It’s unusual to get a mailer supporting a candidate 18 months before an election. It’s unusual to get a mailer promoting a candidate who has no visible opposition for re-election (and if Wiener were to run for re-election to the state Senate he would have no serious opposition).

Anyone against this?

Sure, but this hasn’t been his thing.

And while Wiener has made housing policy, public health, and LGBTQ issues a centerpiece of his legislative agenda, the mailer talks entirely about climate change.

Not that Wiener is bad on climate issues; it just hasn’t been his primary agenda. He sits on no committees addressing environmental or climate issues (and if that’s what he had asked for, he likely would have been given such an assignment).

The list of accomplishment on the mailer is pretty limited. Wiener did push legislation to hold corporate polluters accountable, but the rest of the list says things like “voted for California’s record-breaking $54 billion climate investment in clean energy and good jobs.” That was part of the state budget, supported by pretty much every other Democrat in Sacramento.

I could argue that Wiener’s approach to housing has serious environmental impacts, because the tech-industry growth agenda, and allowing more luxury housing in cities, drives working-class people out of town, and they have to commute from a long ways away, often by car. Wiener supported all of the pro-tech legislation as a supervisor, backing the Google buses, Airbnb, and the late Mayor Ed Lee’s agenda that caused massive displacement in the city.
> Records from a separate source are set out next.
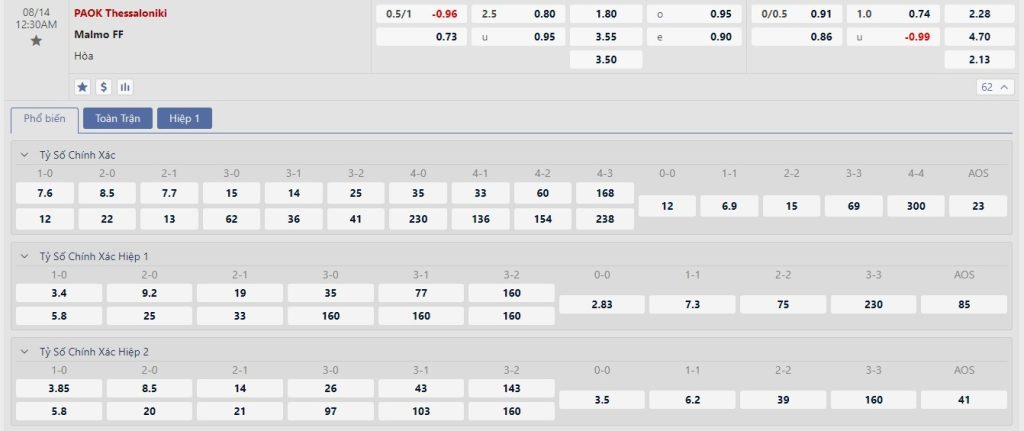 Soi kèo tài xỉu, kèo tỷ số PAOK vs Malmo FF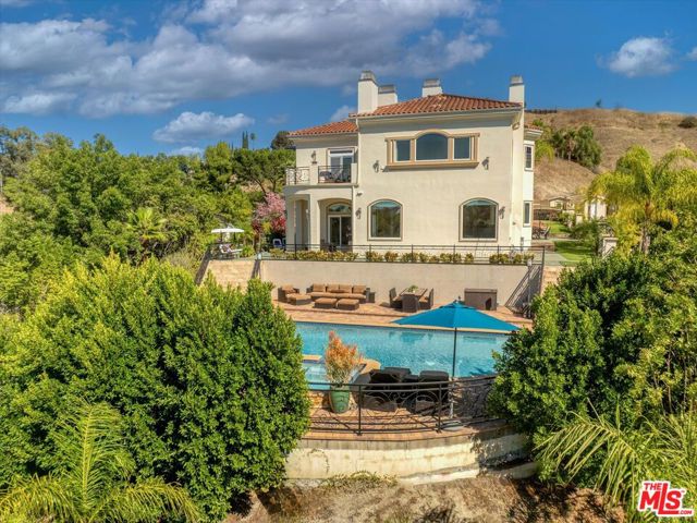 Discover 360 degree panoramic views, timeless elegance and endless possibilities in this grand Mediterranean-style estate. Offering spacious en-suite bedrooms, each a private retreat with its own bath perfect for multigenerational living, frequent guests, or a seamless work-from-home lifestyle. Bathed in natural light and featuring dramatic high ceilings, the home's open layout is both impressive and inviting. Large windows and doors frame sweeping views, offering a beautiful backdrop to everyday life and entertaining alike. Designed for those who love to host, the home features a thoughtful flow between formal and informal living spaces, with room to gather, relax, or retreat in comfort. A fully separate living space ideal for extended family, long-term guests, or a private office adds versatility and privacy. While the home retains the charm and warmth of Mediterranean architecture, it also offers the opportunity to refresh and personalize with your own modern touch. The setting is already spectacular, with a beautiful vantage point overlooking scenic views the perfect foundation for your dream home! Whether you're seeking space to entertain, room to grow, or a peaceful retreat for your family, this estate delivers grace, scale, and a setting that truly inspires. BONUS ALERT: Two Bedroom ADU attached.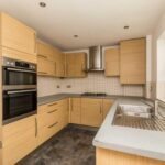 At the rear of the house is a modern kitchen with roll edge work surfaces to 3 walls with a range of cupboard and drawer storage above and below, integrated appliances, 5 five ring gas hob and extractor hood above, integrated double oven space and plumbing for washing machine and dishwasher, space for fridge/freezer and a window overlooks the patio garden.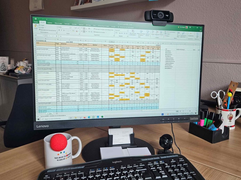 L’établissement du planning est avant tout une question d’équilibre à trouver entre nos besoins essentiels (comment assurer chaque mois entre 50 et 60 sorties avec un binôme de clowns) et nos ressources (les périodes de travail de notre équipe de 9 clowns hospitaliers).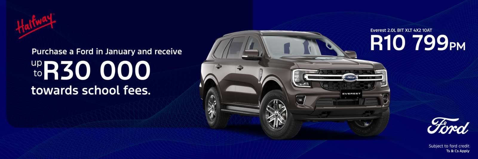 Don’t wait—this exclusive offer ends soon! Visit Halfway Ford Waterfall today to test drive the Ford Everest and secure your school fee bonus before January 31st.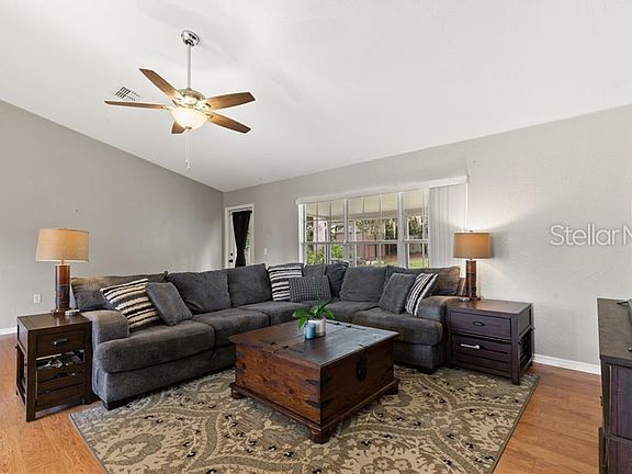 No front or rear neighbors!!!!!!!! Very well taken care of home. 3/2/2 built in 2006 with a Front porch to sit out and enjoy the privacy of no front neighbors. Open concept with Large Eat In Kitchen w/bay window. Plenty of Counter Space, Stainless Appliances. All rooms have wood laminate flooring except baths & indoor laundry room have tile. Great Room plan with cathedral ceiling. Master with Walk in Closet, dual sinks, garden tub for soaking. Split plan bedrooms!!! Lovely screened in lanai looks out to large fenced yard with no rear neighbors. Centrally located and close to shopping, hospitals & restaurants. Newer interior paint as well, shed 2014.

But let’s set that aside. Why did the California Environmental Voters Education Fund just send a mailer to local voters promoting Wiener as a climate champion? There is no “ask” here, no demand for a vote on a bill. The mailer just asks people to call Wiener’s office and thank him for “his leadership.”

The fund is a part of California Environmental Voters, which according to public records has at least two PACs, the Elect Climate Champions Fund and the California Environmental Voters Independent Expenditure Committee.

There’s also a lot of money going back and forth with the League of Conservation Voters.

None of this is in any way dubious. The California Environmental Voters committee got a huge influx of money from Lyft during the Prop. 30 campaign, but lots of environmental groups supported that measure. (I voted for it, although I am not a fan of Lyft, because I am a follower of the economist Thomas Piketty, who argues that taxing the rich is always a good idea, not matter where the money goes. Someday we will need a name for our group; Pikettists? I am open to suggestions.)

The PAC also got $250,000 from Samuel R. Walton, the grandson of the founder of WalMart, which abuses workers and has destroyed countless small businesses in cities and towns. The latest generation is a bit more liberal, so to speak.

But back to the point: Why did this mailer go out now, to San Francisco voters?

The PAC hasn’t filed forms for its spending for 2023, and won’t have to until June. But in past years, most of the money has gone in increments of $4,000 or so to state legislators who are good on environmental issues.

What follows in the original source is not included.